* [Data to process]:
»»

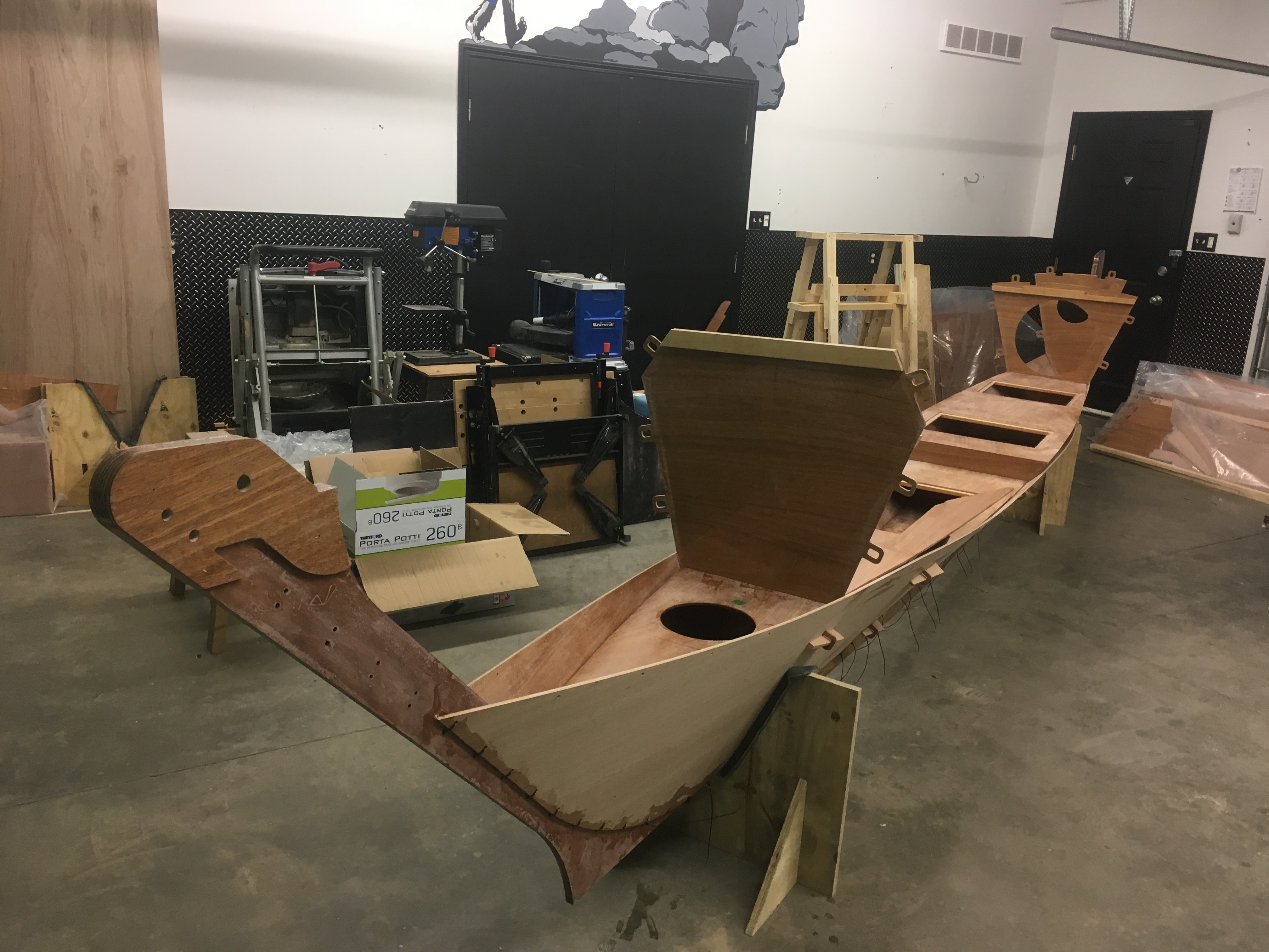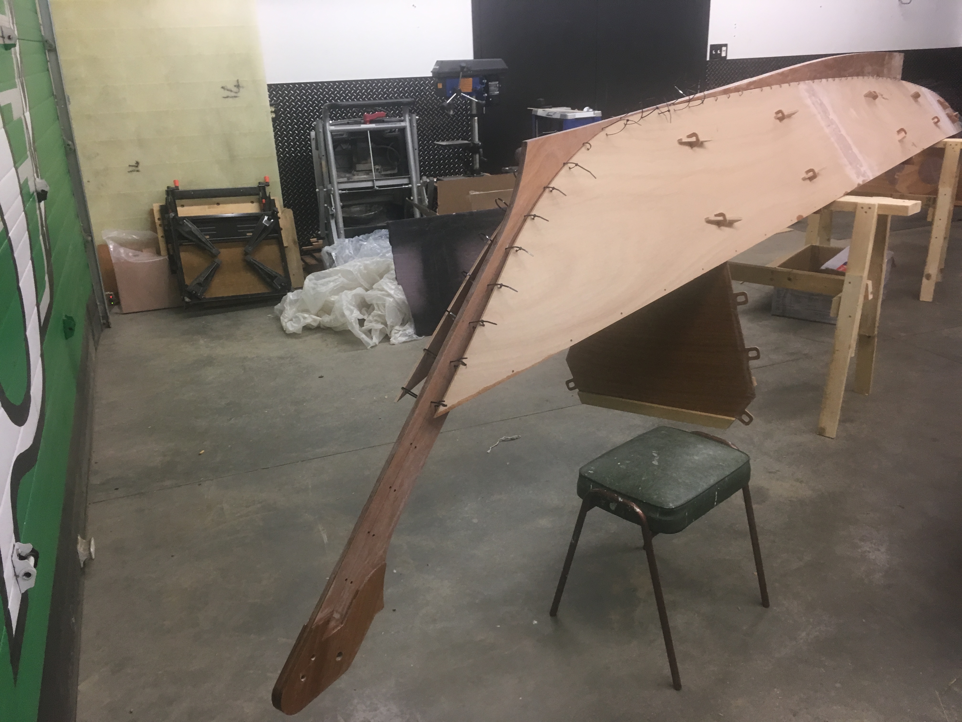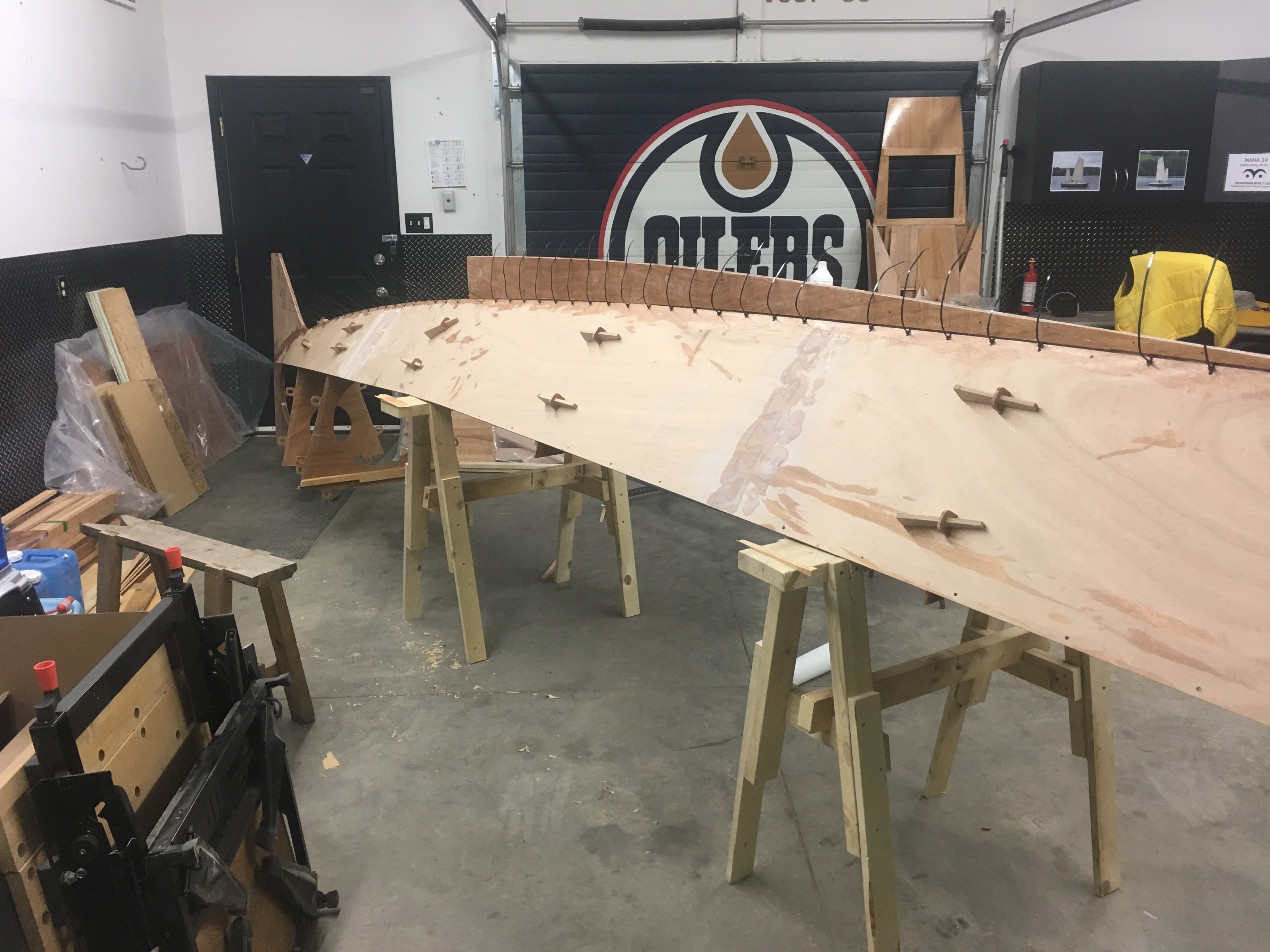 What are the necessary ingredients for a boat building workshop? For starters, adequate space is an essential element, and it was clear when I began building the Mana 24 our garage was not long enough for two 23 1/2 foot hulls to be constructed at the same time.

««
»»

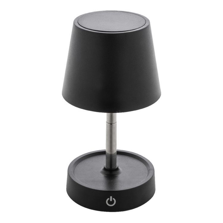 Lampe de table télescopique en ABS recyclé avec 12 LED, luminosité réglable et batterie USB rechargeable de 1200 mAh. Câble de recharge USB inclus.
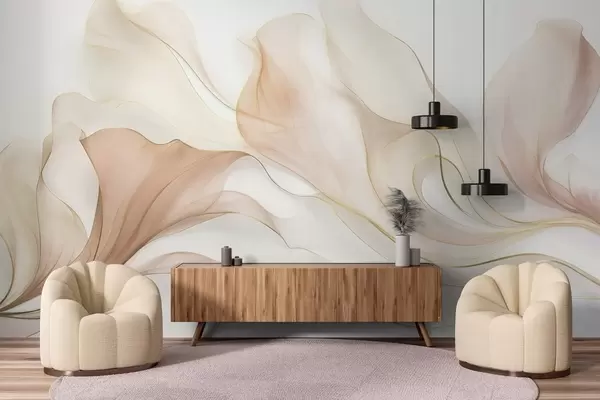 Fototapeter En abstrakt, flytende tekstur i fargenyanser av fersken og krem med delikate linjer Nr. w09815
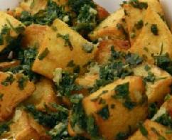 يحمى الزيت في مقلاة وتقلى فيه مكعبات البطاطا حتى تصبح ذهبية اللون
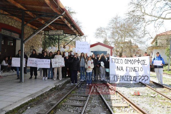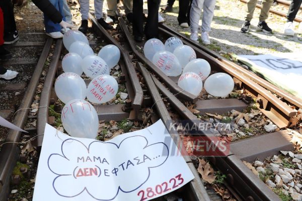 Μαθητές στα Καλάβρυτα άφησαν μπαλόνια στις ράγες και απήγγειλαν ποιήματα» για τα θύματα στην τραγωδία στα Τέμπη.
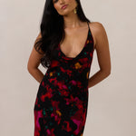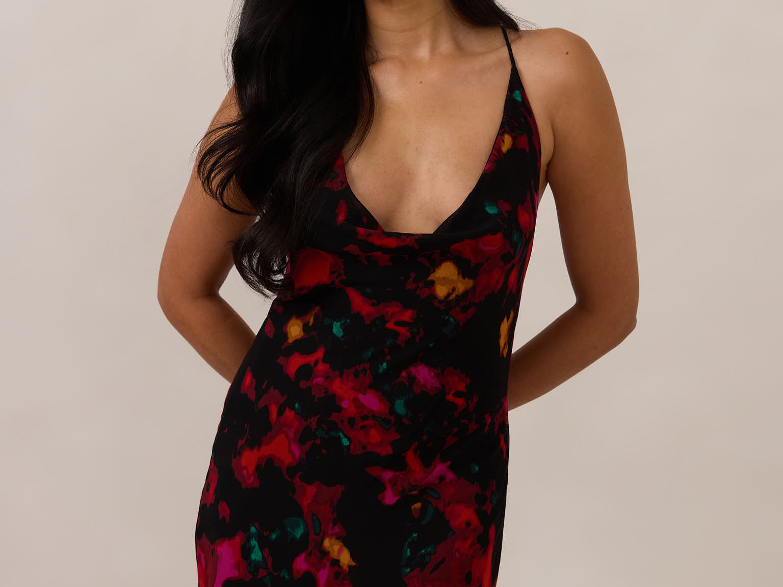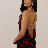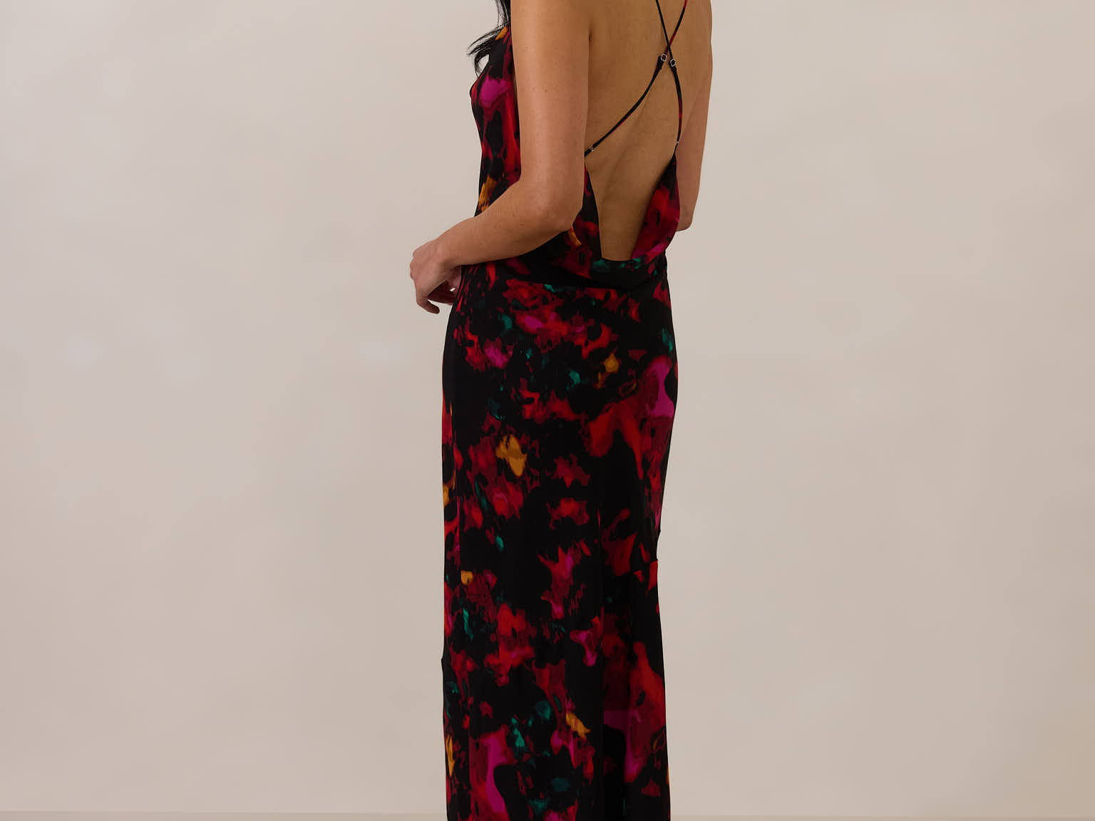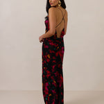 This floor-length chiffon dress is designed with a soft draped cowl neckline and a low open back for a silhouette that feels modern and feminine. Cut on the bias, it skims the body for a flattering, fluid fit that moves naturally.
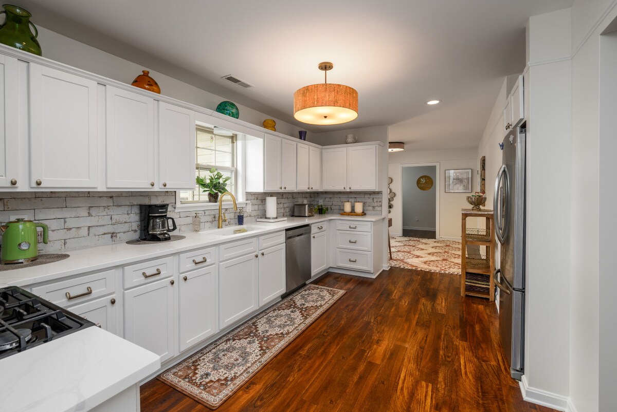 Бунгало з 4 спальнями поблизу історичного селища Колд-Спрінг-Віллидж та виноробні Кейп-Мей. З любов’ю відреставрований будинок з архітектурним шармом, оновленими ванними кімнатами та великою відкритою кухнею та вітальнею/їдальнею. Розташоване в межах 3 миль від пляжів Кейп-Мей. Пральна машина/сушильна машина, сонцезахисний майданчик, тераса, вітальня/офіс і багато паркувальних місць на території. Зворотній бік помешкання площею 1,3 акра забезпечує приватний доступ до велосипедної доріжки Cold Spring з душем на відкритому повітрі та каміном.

««
»»

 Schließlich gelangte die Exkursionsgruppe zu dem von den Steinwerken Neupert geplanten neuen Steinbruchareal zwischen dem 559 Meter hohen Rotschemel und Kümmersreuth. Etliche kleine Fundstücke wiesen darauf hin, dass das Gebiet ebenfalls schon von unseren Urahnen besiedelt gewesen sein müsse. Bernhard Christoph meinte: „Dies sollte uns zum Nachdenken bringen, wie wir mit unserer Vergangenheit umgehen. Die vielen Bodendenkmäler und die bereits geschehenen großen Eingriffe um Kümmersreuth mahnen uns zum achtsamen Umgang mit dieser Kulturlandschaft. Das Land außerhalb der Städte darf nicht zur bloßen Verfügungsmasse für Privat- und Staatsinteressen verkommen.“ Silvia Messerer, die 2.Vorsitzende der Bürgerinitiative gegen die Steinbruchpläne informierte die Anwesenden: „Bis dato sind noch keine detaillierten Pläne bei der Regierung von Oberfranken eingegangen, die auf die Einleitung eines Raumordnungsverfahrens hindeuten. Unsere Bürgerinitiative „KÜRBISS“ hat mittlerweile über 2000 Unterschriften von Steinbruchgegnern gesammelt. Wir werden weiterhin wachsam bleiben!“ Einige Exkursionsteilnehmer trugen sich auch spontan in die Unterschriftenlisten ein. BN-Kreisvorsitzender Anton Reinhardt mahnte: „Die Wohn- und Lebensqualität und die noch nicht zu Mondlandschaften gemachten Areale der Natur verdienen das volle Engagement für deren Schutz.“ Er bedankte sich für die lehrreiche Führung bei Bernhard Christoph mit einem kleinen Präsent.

««

* [Directions for this task]:
Begin at the line in the entries above that has "This floor-length chiffon", stop after the line that has "Бунгало з 4", and output exactly those lines without pictures.

* [Exercise result]:
 This floor-length chiffon dress is designed with a soft draped cowl neckline and a low open back for a silhouette that feels modern and feminine. Cut on the bias, it skims the body for a flattering, fluid fit that moves naturally.
 Бунгало з 4 спальнями поблизу історичного селища Колд-Спрінг-Віллидж та виноробні Кейп-Мей. З любов’ю відреставрований будинок з архітектурним шармом, оновленими ванними кімнатами та великою відкритою кухнею та вітальнею/їдальнею. Розташоване в межах 3 миль від пляжів Кейп-Мей. Пральна машина/сушильна машина, сонцезахисний майданчик, тераса, вітальня/офіс і багато паркувальних місць на території. Зворотній бік помешкання площею 1,3 акра забезпечує приватний доступ до велосипедної доріжки Cold Spring з душем на відкритому повітрі та каміном.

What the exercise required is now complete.